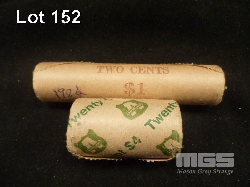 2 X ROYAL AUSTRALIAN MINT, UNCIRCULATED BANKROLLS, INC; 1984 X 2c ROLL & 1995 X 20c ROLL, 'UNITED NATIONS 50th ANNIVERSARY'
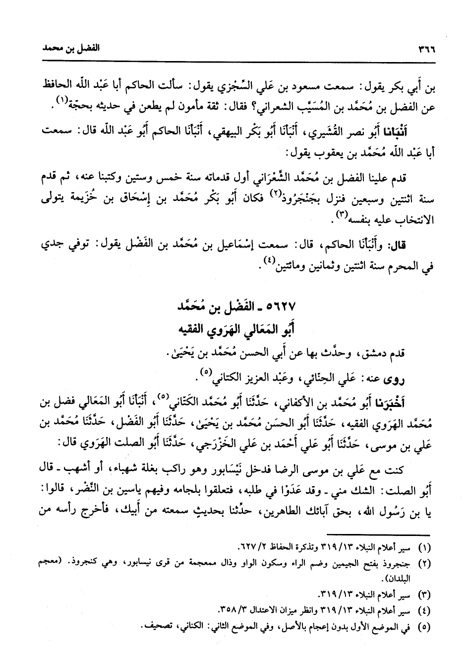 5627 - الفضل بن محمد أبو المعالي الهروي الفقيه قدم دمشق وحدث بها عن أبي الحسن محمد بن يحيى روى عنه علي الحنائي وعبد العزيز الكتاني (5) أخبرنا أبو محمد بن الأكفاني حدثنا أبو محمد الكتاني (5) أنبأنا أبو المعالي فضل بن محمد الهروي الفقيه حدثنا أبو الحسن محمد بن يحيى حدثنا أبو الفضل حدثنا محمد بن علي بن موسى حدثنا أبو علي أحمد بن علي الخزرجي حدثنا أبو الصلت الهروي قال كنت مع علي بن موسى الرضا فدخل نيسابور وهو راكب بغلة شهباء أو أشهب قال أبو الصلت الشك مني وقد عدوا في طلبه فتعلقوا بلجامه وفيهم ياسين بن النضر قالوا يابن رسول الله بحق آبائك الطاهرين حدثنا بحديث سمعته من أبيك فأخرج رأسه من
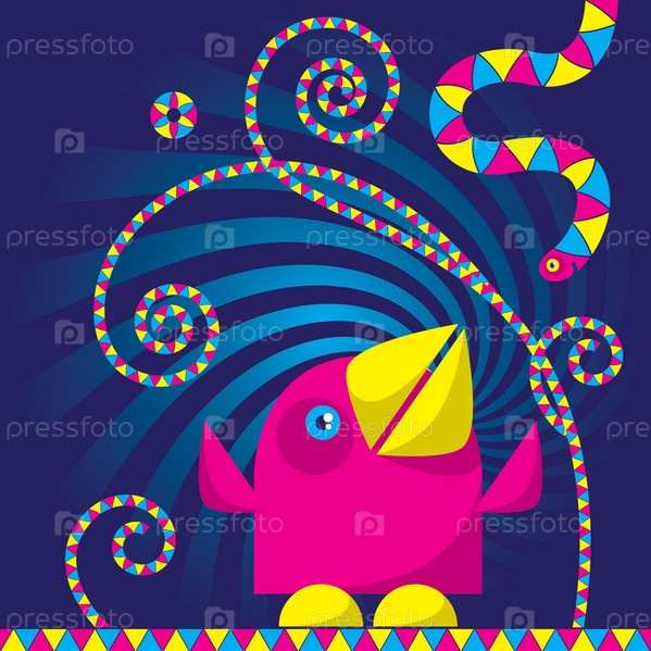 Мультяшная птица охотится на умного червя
———
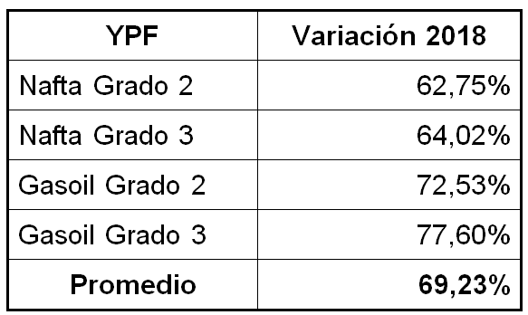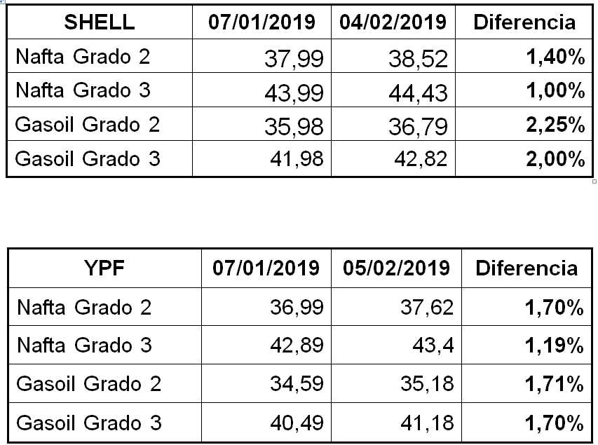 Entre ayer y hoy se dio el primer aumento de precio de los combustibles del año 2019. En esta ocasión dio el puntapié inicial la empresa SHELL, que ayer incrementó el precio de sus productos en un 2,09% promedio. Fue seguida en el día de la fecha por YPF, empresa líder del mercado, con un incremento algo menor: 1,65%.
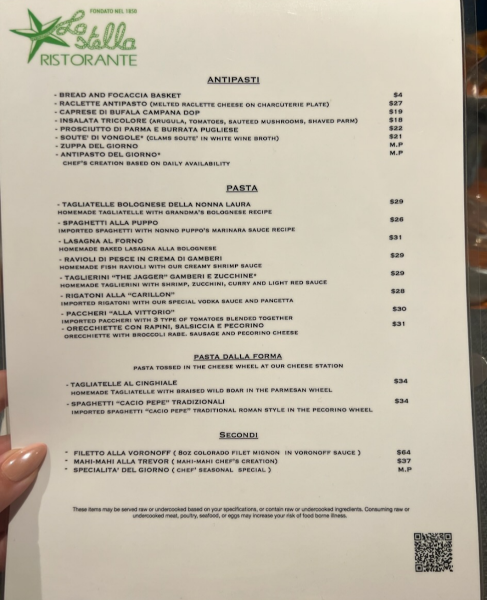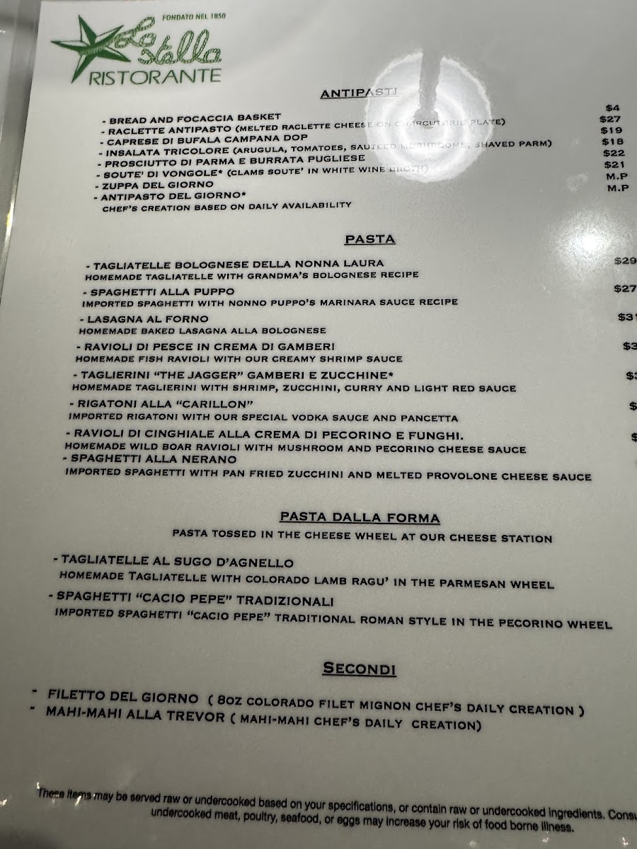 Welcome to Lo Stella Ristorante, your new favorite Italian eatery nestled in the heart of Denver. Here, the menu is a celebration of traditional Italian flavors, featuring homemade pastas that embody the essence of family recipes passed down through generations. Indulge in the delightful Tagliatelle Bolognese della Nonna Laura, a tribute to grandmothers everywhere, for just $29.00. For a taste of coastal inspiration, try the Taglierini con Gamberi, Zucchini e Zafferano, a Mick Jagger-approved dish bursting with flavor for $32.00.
———
● TASK TO CARRY OUT
What lines above run from the one with "2 X ROYAL AUSTRALIAN" to the one with "Мультяшная птица охотится на умного червя"? Give them again exactly, ends included, and leave the pictures out.

● ANSWER TO THIS EXERCISE
 2 X ROYAL AUSTRALIAN MINT, UNCIRCULATED BANKROLLS, INC; 1984 X 2c ROLL & 1995 X 20c ROLL, 'UNITED NATIONS 50th ANNIVERSARY'
 5627 - الفضل بن محمد أبو المعالي الهروي الفقيه قدم دمشق وحدث بها عن أبي الحسن محمد بن يحيى روى عنه علي الحنائي وعبد العزيز الكتاني (5) أخبرنا أبو محمد بن الأكفاني حدثنا أبو محمد الكتاني (5) أنبأنا أبو المعالي فضل بن محمد الهروي الفقيه حدثنا أبو الحسن محمد بن يحيى حدثنا أبو الفضل حدثنا محمد بن علي بن موسى حدثنا أبو علي أحمد بن علي الخزرجي حدثنا أبو الصلت الهروي قال كنت مع علي بن موسى الرضا فدخل نيسابور وهو راكب بغلة شهباء أو أشهب قال أبو الصلت الشك مني وقد عدوا في طلبه فتعلقوا بلجامه وفيهم ياسين بن النضر قالوا يابن رسول الله بحق آبائك الطاهرين حدثنا بحديث سمعته من أبيك فأخرج رأسه من
 Мультяшная птица охотится на умного червя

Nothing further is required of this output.